> **Problem statement**: Nothing but the lines below from the one holding "Theme: Outdoor Performance/Activity: Work" up to and including the one holding "从规划图来看,项目前排可直面" should be copied, exactly and without pictures.

> **Provided material**:
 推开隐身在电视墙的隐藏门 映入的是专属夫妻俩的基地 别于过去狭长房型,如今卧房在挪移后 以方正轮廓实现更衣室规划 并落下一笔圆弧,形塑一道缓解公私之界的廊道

...

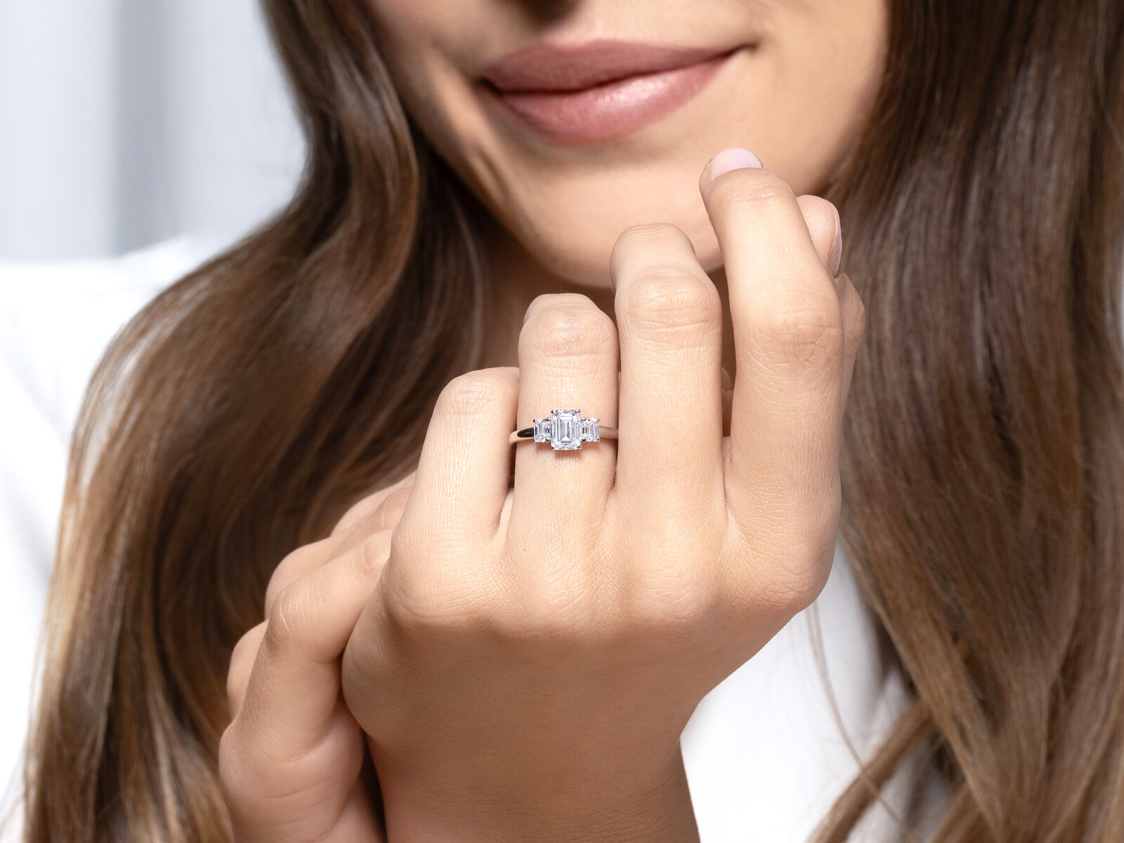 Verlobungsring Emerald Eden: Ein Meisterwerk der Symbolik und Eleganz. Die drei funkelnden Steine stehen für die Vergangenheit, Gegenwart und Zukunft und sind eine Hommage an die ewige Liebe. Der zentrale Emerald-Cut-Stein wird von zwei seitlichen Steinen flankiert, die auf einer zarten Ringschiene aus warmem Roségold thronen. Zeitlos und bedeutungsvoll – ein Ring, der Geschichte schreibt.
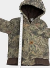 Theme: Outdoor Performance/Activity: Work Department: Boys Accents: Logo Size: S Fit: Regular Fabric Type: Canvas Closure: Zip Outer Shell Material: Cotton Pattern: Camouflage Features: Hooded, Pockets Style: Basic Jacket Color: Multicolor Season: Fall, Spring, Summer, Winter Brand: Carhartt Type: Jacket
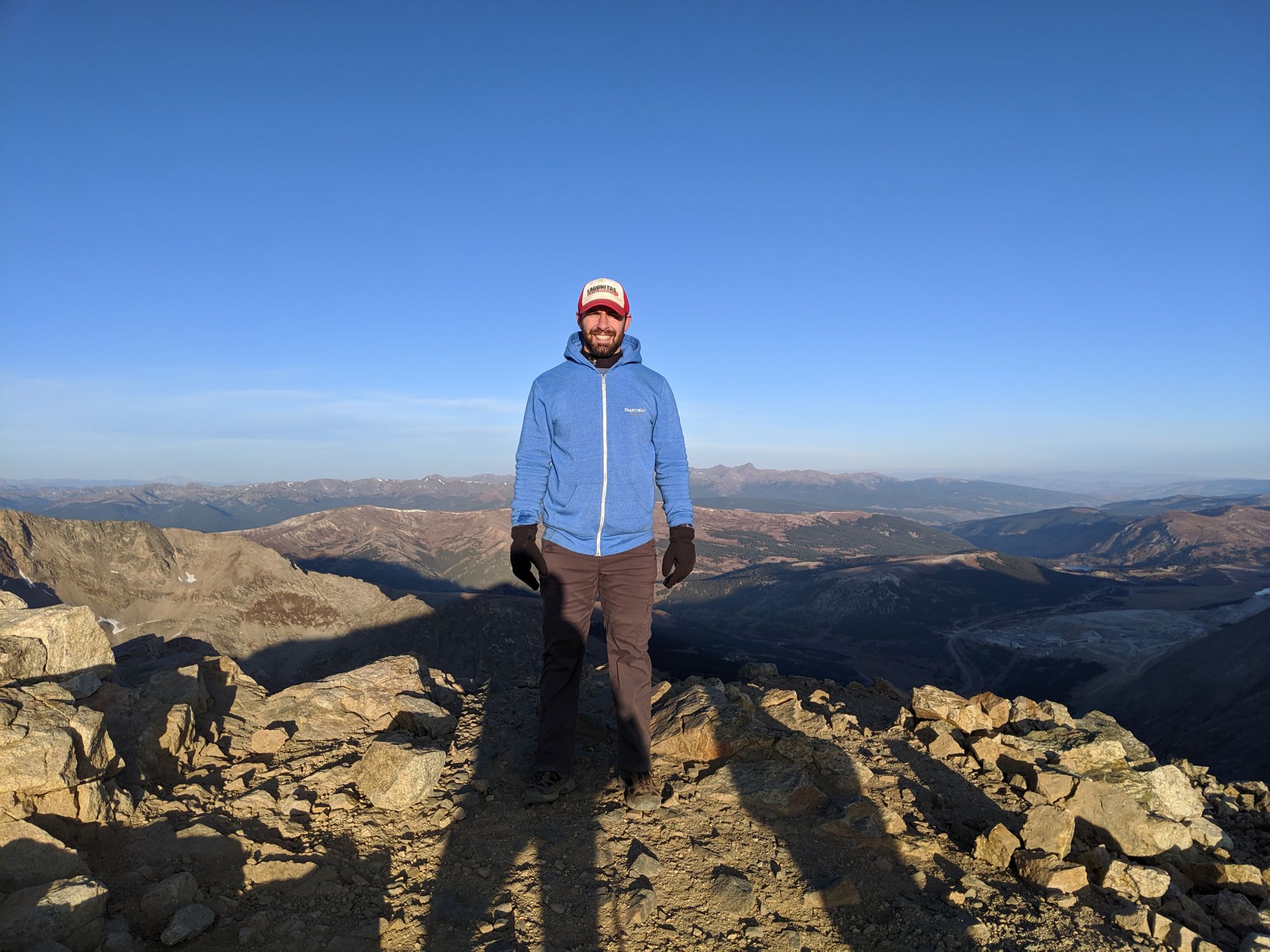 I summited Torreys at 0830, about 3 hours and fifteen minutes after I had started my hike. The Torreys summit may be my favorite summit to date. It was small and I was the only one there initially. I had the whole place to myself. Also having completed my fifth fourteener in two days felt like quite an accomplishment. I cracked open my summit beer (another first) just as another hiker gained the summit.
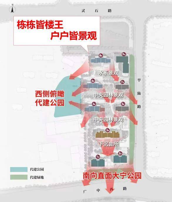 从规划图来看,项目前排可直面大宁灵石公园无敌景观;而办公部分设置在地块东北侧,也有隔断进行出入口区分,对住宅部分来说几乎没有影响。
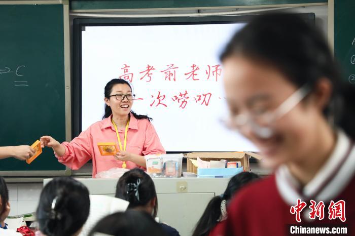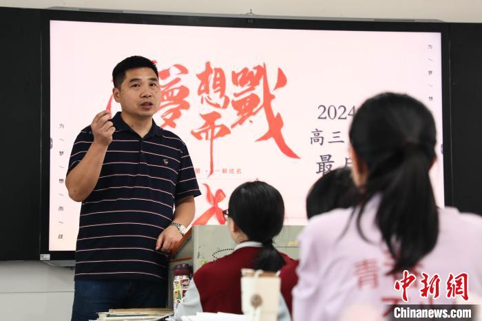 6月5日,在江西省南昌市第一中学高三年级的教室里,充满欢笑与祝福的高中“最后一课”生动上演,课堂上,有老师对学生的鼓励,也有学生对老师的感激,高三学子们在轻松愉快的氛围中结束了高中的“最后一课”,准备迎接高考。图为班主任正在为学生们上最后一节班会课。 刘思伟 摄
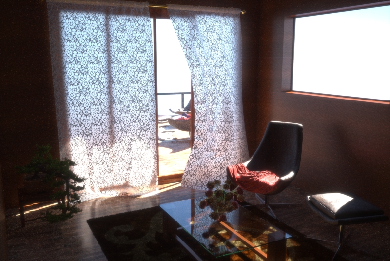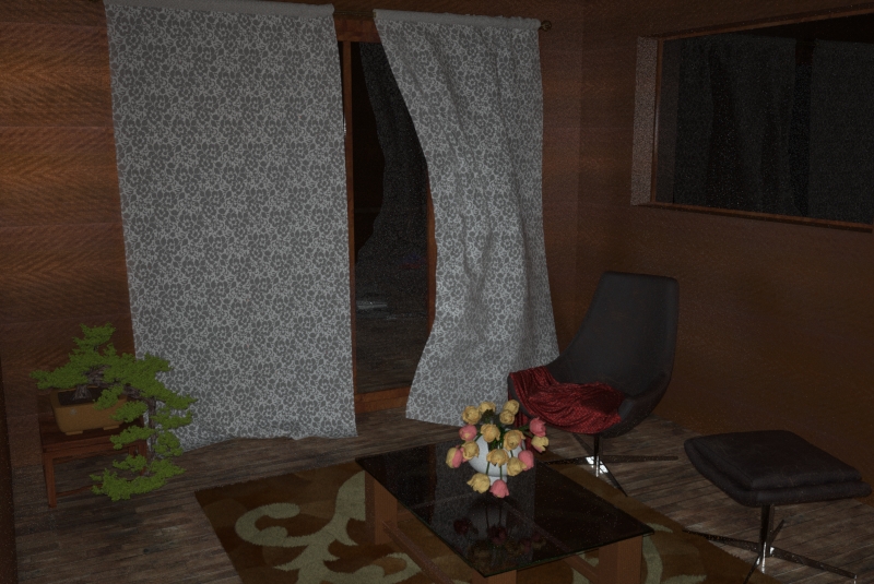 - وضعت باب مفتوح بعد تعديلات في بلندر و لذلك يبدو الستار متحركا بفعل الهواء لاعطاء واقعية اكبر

> **Exercise answer**:
 Theme: Outdoor Performance/Activity: Work Department: Boys Accents: Logo Size: S Fit: Regular Fabric Type: Canvas Closure: Zip Outer Shell Material: Cotton Pattern: Camouflage Features: Hooded, Pockets Style: Basic Jacket Color: Multicolor Season: Fall, Spring, Summer, Winter Brand: Carhartt Type: Jacket
 I summited Torreys at 0830, about 3 hours and fifteen minutes after I had started my hike. The Torreys summit may be my favorite summit to date. It was small and I was the only one there initially. I had the whole place to myself. Also having completed my fifth fourteener in two days felt like quite an accomplishment. I cracked open my summit beer (another first) just as another hiker gained the summit.
 从规划图来看,项目前排可直面大宁灵石公园无敌景观;而办公部分设置在地块东北侧,也有隔断进行出入口区分,对住宅部分来说几乎没有影响。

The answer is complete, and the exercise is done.